▶ YOUR INSTRUCTIONS
From the line containing "Nate Maness is not" down to the line containing "809 şeker toki", copy out the entries below exactly, both lines included, and nothing else; pictures do not belong in the copy.

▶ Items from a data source

────────────────────

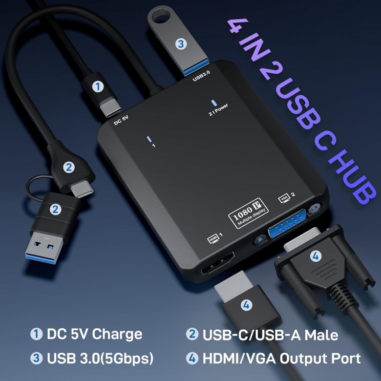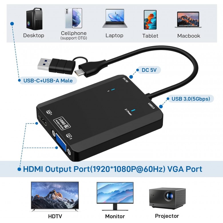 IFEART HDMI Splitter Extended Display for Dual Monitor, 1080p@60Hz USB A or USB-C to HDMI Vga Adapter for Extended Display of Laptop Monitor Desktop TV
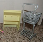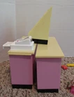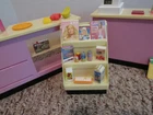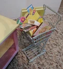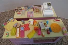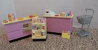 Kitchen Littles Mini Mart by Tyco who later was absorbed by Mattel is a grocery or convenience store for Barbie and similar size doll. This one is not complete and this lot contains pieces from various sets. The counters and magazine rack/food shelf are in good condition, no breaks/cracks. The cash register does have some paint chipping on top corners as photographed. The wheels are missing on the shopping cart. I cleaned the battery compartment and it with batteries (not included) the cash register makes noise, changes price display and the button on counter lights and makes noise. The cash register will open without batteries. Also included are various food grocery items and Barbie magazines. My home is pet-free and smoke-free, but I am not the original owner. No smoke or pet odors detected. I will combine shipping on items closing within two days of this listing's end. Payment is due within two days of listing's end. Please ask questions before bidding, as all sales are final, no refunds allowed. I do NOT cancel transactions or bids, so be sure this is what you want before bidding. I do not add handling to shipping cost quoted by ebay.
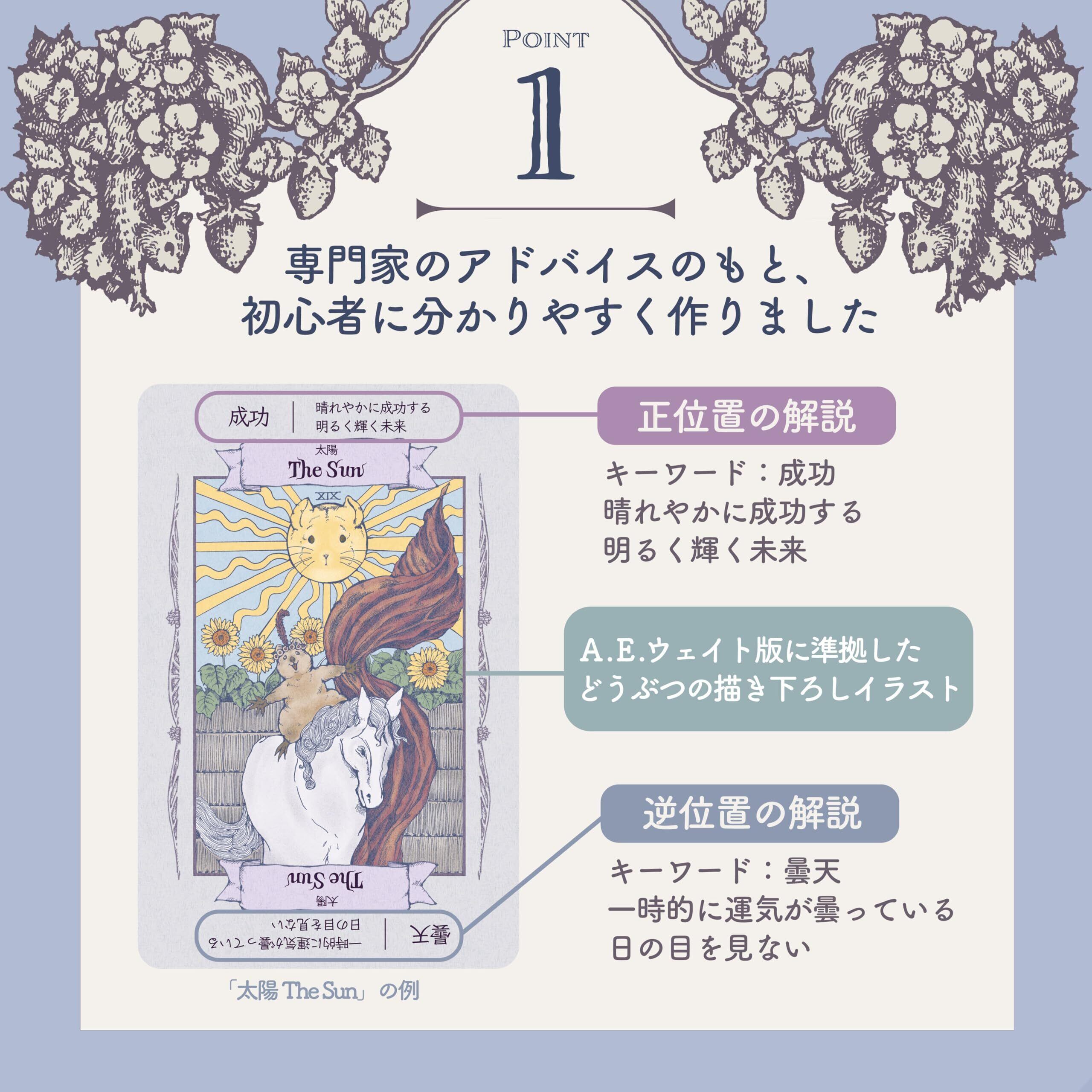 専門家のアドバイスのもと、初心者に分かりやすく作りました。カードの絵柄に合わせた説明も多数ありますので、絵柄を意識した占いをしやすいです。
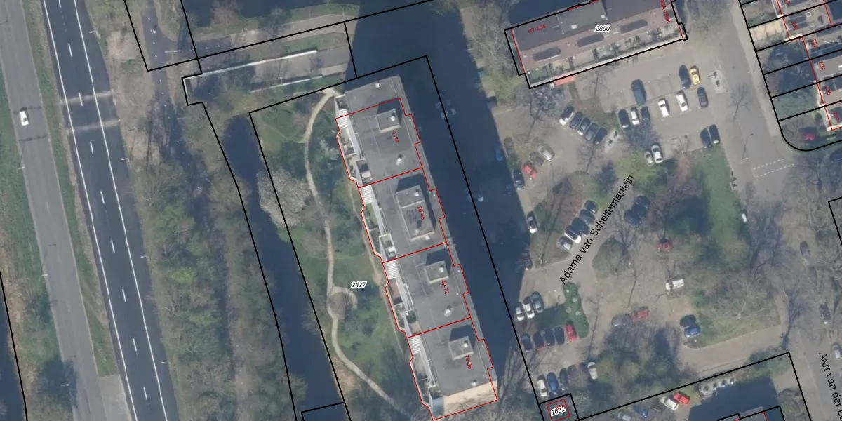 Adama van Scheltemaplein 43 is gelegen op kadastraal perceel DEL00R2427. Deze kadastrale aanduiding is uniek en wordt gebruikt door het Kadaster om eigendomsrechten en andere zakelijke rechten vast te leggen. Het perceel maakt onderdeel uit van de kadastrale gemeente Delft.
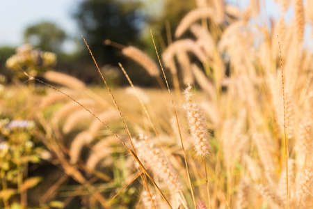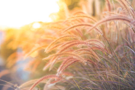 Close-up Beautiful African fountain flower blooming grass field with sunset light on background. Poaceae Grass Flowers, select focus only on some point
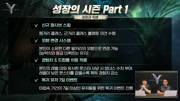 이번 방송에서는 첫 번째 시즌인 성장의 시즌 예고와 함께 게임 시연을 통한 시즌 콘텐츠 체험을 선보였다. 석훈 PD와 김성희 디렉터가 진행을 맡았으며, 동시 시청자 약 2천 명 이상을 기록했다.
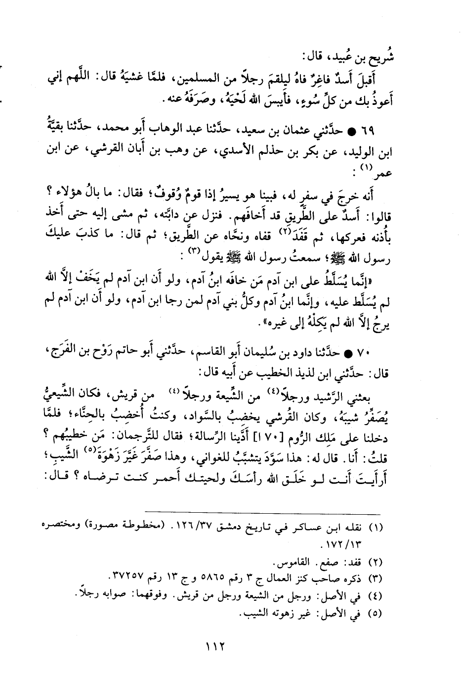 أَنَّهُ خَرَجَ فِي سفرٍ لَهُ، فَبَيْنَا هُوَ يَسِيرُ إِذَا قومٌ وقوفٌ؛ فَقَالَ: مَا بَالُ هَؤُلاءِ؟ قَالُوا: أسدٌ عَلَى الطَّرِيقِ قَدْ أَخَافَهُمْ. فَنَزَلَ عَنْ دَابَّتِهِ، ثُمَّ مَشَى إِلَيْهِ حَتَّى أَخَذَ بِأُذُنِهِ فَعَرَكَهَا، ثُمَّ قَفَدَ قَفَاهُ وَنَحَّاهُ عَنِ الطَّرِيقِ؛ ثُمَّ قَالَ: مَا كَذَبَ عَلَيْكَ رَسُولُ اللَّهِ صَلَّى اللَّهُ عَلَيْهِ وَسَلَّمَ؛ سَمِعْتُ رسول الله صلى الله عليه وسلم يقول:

────────────────────

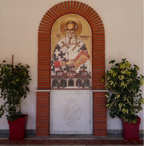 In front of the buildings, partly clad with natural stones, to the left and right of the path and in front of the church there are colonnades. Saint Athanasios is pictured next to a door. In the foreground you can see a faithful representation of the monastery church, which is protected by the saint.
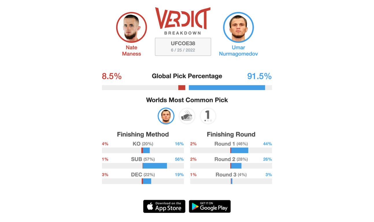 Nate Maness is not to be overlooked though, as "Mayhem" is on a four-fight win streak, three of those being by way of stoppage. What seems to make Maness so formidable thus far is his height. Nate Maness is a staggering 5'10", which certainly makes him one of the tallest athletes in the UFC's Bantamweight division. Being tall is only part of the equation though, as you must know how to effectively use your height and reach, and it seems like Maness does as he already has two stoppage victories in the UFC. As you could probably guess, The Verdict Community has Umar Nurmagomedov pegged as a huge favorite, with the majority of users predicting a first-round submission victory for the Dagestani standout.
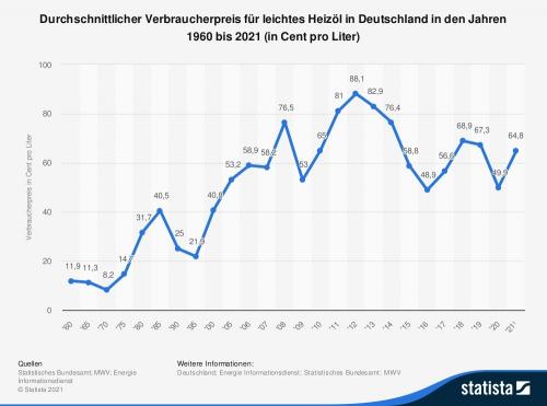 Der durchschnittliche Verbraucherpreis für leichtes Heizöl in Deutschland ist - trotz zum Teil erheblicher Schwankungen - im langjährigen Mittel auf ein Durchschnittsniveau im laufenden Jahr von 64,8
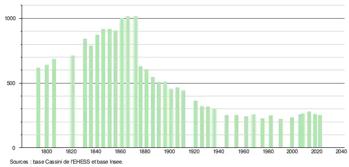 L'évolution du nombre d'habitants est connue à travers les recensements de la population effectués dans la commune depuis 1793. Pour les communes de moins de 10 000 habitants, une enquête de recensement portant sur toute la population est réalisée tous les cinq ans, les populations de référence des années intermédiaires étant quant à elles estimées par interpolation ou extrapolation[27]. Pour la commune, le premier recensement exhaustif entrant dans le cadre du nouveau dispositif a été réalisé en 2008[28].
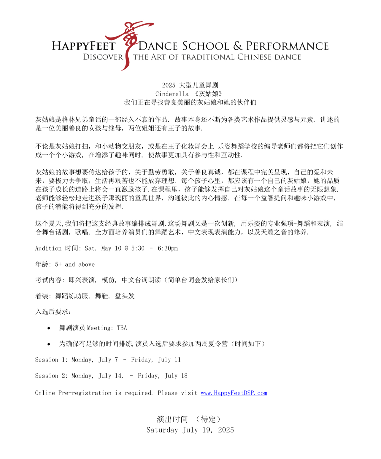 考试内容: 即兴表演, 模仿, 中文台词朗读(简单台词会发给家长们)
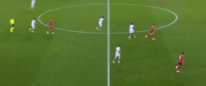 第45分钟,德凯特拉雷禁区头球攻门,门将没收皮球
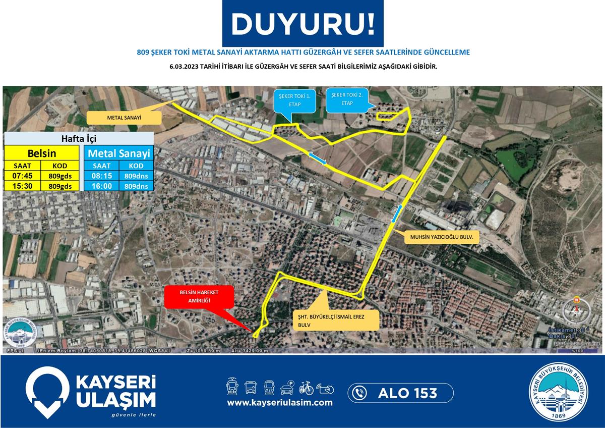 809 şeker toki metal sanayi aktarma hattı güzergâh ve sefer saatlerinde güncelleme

────────────────────

▶ EXERCISE RESPONSE
 Nate Maness is not to be overlooked though, as "Mayhem" is on a four-fight win streak, three of those being by way of stoppage. What seems to make Maness so formidable thus far is his height. Nate Maness is a staggering 5'10", which certainly makes him one of the tallest athletes in the UFC's Bantamweight division. Being tall is only part of the equation though, as you must know how to effectively use your height and reach, and it seems like Maness does as he already has two stoppage victories in the UFC. As you could probably guess, The Verdict Community has Umar Nurmagomedov pegged as a huge favorite, with the majority of users predicting a first-round submission victory for the Dagestani standout.
 Der durchschnittliche Verbraucherpreis für leichtes Heizöl in Deutschland ist - trotz zum Teil erheblicher Schwankungen - im langjährigen Mittel auf ein Durchschnittsniveau im laufenden Jahr von 64,8
 L'évolution du nombre d'habitants est connue à travers les recensements de la population effectués dans la commune depuis 1793. Pour les communes de moins de 10 000 habitants, une enquête de recensement portant sur toute la population est réalisée tous les cinq ans, les populations de référence des années intermédiaires étant quant à elles estimées par interpolation ou extrapolation[27]. Pour la commune, le premier recensement exhaustif entrant dans le cadre du nouveau dispositif a été réalisé en 2008[28].
 考试内容: 即兴表演, 模仿, 中文台词朗读(简单台词会发给家长们)
 第45分钟,德凯特拉雷禁区头球攻门,门将没收皮球
 809 şeker toki metal sanayi aktarma hattı güzergâh ve sefer saatlerinde güncelleme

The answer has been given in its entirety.